_TASK INPUTS_
- - - -

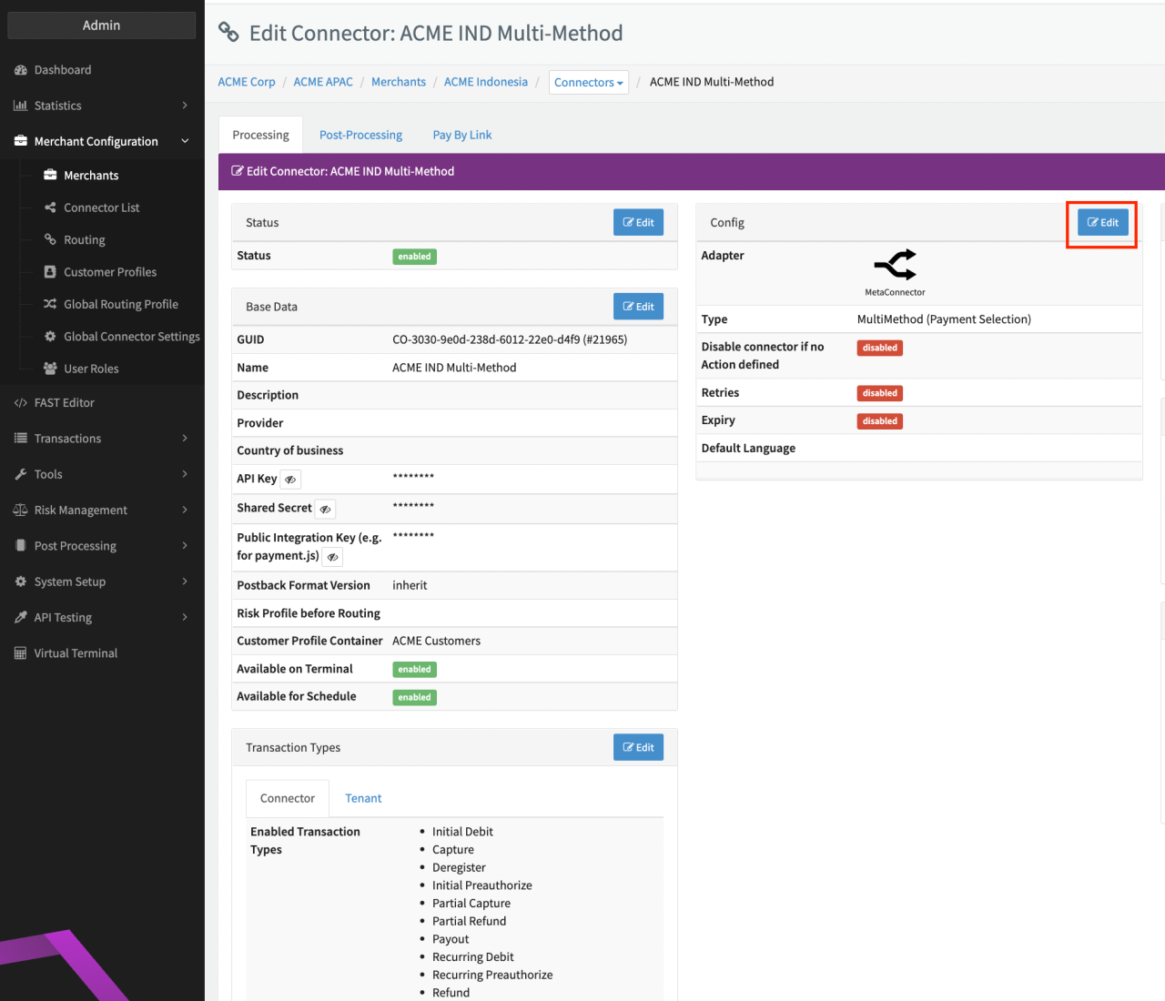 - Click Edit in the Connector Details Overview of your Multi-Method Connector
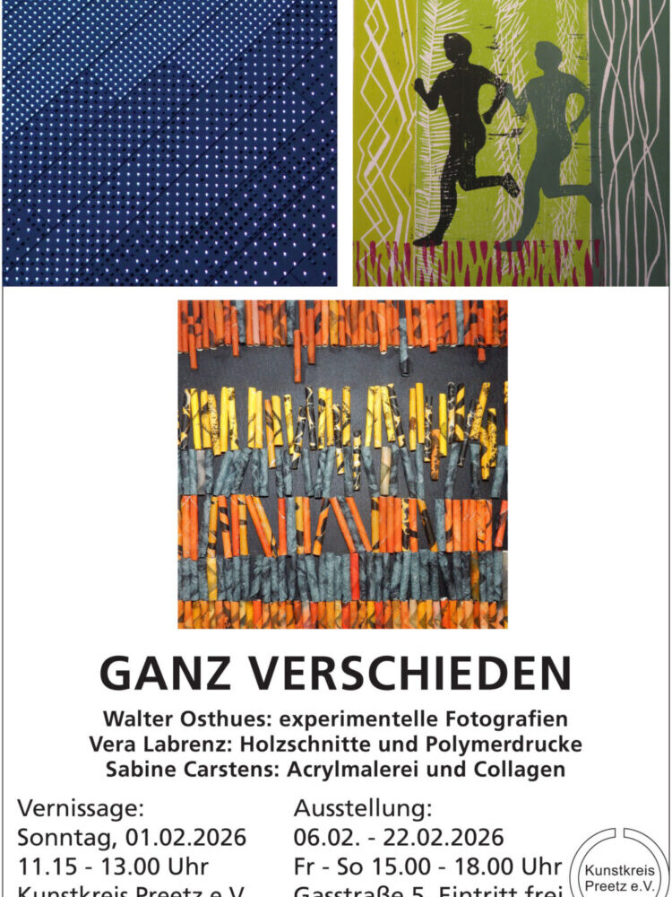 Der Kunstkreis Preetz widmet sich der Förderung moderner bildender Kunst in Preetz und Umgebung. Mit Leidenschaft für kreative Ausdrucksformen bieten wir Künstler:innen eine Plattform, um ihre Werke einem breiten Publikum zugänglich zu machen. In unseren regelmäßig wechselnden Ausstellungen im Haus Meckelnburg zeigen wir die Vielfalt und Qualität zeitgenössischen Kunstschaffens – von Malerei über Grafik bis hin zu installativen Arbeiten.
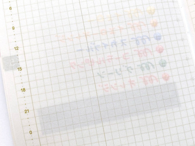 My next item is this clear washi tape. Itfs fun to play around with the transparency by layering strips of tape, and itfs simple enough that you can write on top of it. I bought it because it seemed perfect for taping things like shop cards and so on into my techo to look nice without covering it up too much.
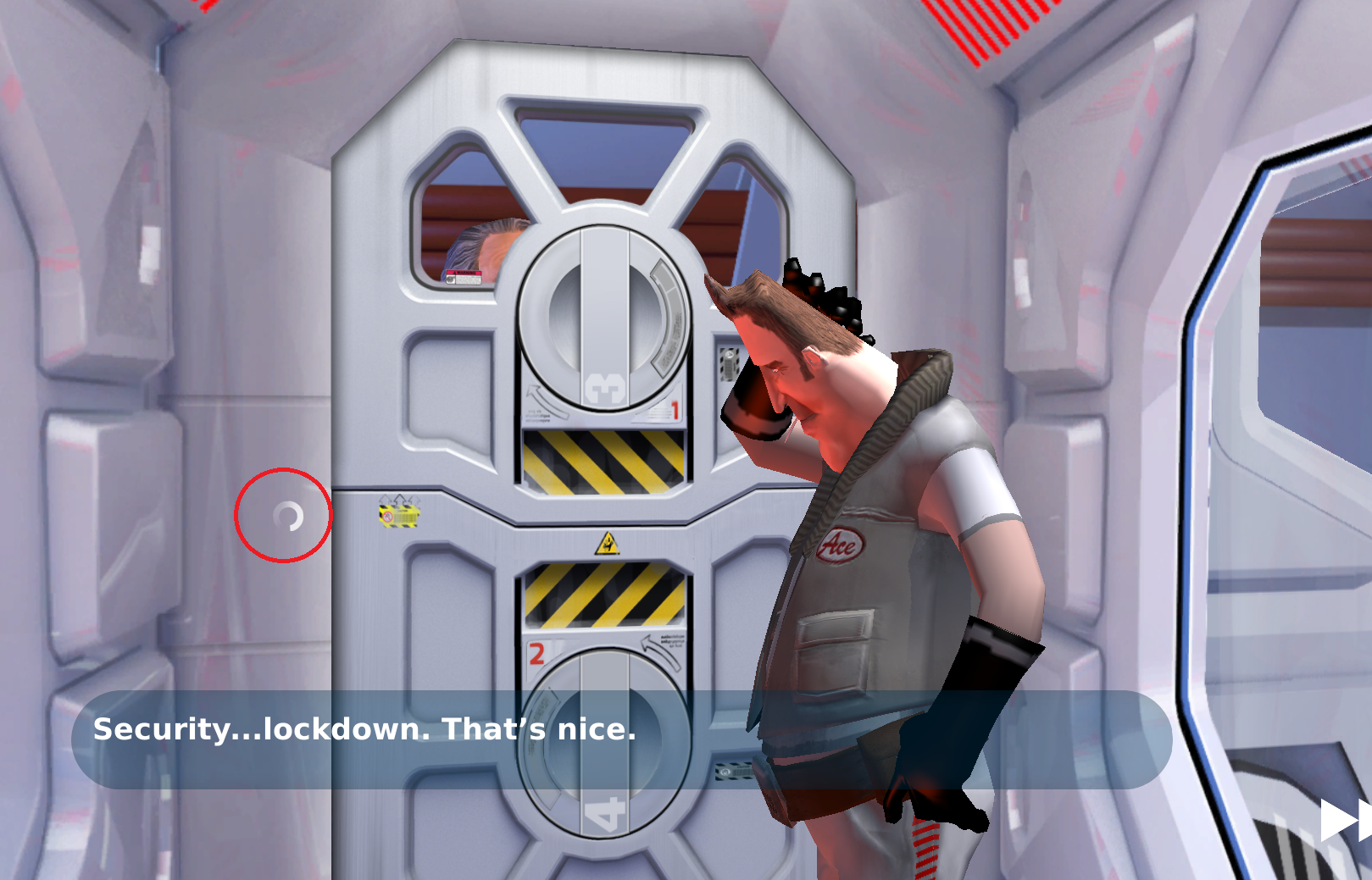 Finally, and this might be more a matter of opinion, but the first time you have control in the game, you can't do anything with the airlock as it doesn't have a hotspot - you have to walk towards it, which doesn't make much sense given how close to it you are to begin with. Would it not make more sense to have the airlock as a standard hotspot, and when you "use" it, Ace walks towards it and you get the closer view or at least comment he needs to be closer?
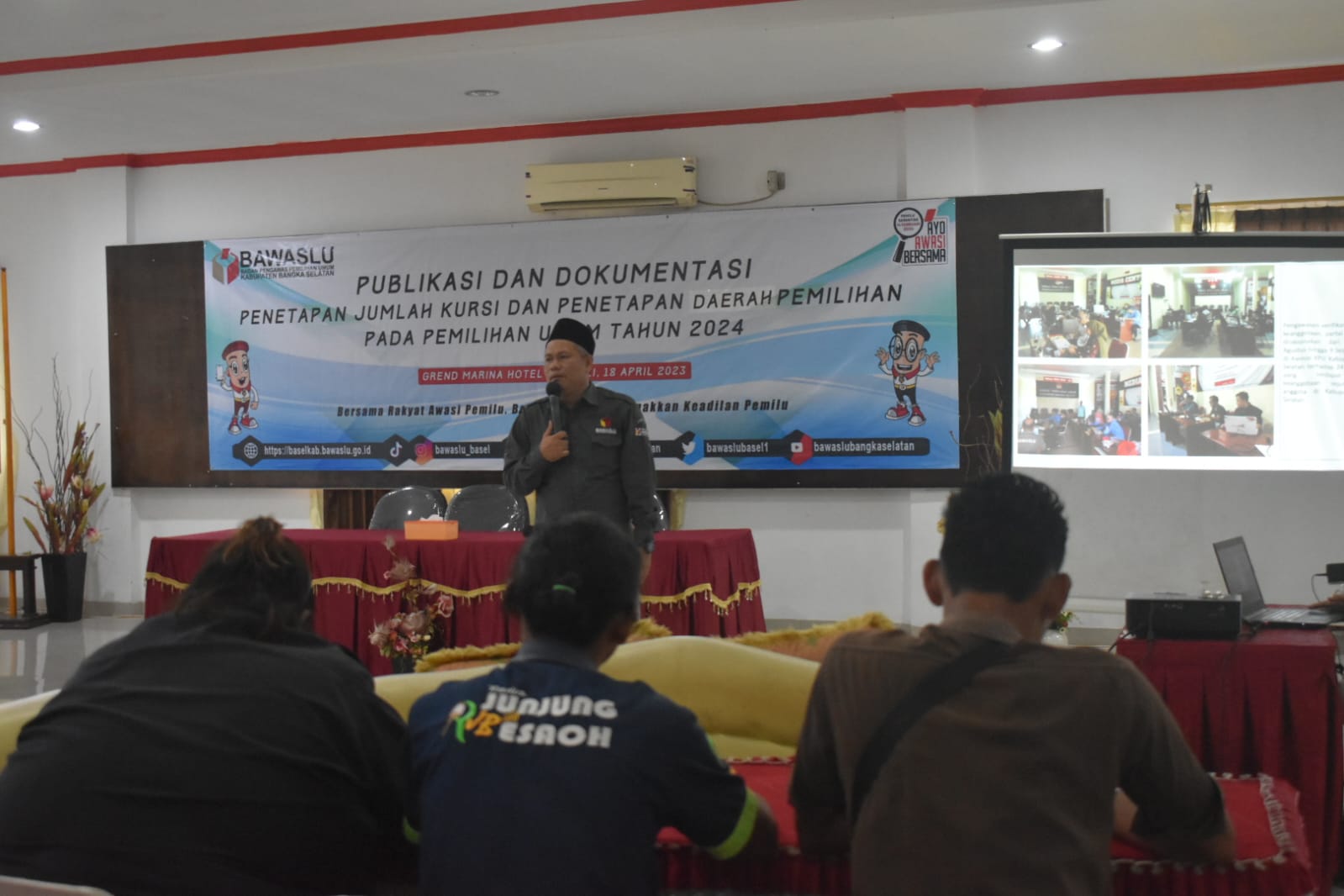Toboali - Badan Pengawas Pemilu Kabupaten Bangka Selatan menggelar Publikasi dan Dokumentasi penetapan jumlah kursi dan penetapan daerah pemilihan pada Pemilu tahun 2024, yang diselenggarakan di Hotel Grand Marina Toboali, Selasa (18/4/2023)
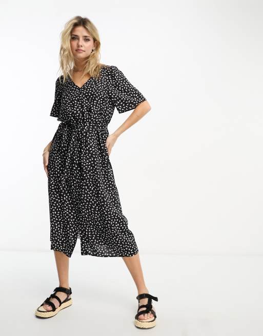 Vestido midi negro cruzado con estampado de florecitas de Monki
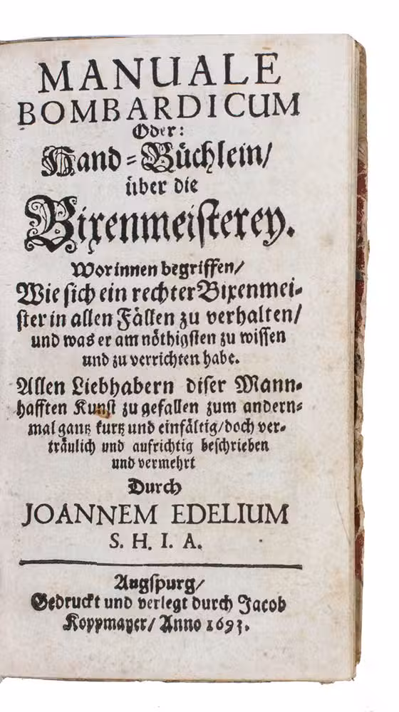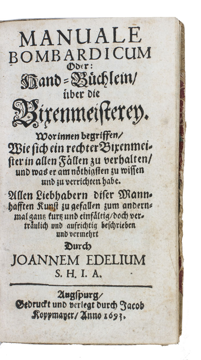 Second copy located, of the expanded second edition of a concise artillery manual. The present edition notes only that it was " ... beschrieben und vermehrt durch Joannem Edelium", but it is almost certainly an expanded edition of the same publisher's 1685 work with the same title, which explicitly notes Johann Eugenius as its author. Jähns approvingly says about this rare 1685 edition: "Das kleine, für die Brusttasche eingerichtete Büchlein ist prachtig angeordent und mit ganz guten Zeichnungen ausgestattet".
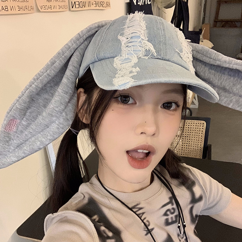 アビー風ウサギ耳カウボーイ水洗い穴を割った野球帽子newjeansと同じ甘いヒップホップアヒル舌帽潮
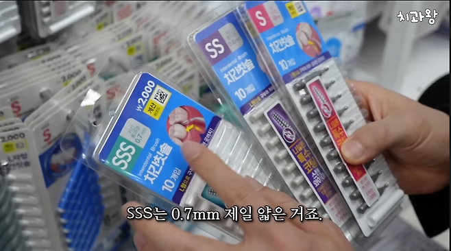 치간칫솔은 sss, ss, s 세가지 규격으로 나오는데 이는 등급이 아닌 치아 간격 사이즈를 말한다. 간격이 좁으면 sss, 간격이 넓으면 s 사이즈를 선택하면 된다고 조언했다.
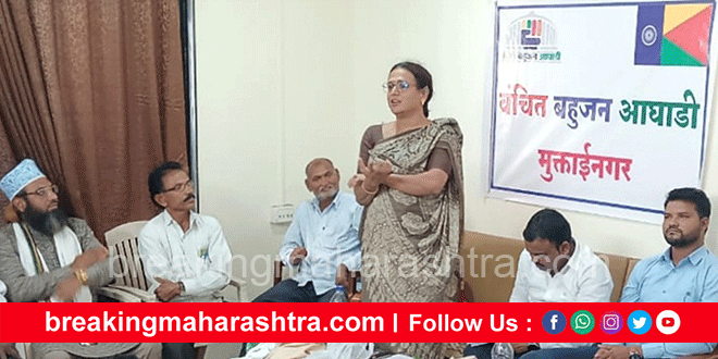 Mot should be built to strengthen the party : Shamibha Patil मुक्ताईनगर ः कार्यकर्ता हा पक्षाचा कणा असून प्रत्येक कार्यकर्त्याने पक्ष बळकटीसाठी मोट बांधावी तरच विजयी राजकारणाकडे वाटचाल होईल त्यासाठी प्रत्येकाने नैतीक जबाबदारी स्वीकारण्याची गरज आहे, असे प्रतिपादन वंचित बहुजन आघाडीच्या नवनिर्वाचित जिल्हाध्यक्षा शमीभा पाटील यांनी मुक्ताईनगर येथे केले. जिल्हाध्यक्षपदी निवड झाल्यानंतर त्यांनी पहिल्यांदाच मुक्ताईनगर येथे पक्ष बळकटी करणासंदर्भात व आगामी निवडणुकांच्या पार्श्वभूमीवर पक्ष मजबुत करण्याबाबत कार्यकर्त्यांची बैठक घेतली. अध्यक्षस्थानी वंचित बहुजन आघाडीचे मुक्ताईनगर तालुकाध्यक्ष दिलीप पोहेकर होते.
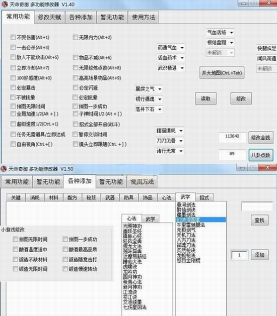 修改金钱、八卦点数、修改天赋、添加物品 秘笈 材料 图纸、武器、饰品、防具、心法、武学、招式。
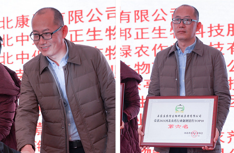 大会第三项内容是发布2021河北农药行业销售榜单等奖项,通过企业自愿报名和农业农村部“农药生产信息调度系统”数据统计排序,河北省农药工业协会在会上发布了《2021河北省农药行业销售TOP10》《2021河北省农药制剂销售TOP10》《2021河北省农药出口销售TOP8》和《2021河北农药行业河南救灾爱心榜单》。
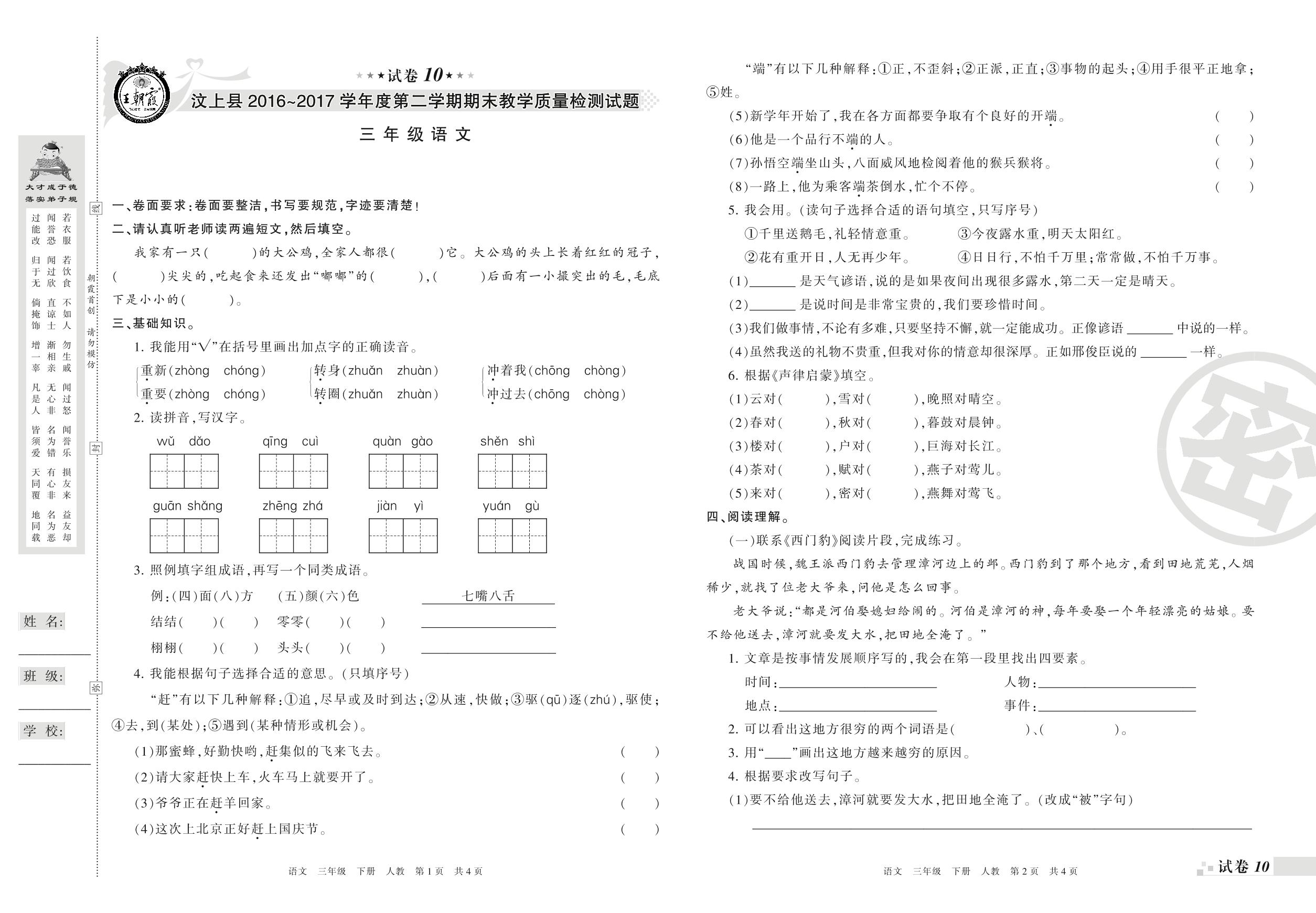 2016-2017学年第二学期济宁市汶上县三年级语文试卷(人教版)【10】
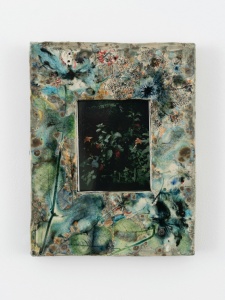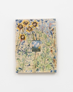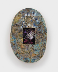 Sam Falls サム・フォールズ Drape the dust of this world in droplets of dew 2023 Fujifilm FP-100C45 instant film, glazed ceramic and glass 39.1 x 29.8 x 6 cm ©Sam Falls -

- - - -

Pictures excluded, repeat exactly the lines from the top of the material through the line with "Der Kunstkreis Preetz", including both of those lines.

_COMPLETED EXERCISE_
 - Click Edit in the Connector Details Overview of your Multi-Method Connector
 Der Kunstkreis Preetz widmet sich der Förderung moderner bildender Kunst in Preetz und Umgebung. Mit Leidenschaft für kreative Ausdrucksformen bieten wir Künstler:innen eine Plattform, um ihre Werke einem breiten Publikum zugänglich zu machen. In unseren regelmäßig wechselnden Ausstellungen im Haus Meckelnburg zeigen wir die Vielfalt und Qualität zeitgenössischen Kunstschaffens – von Malerei über Grafik bis hin zu installativen Arbeiten.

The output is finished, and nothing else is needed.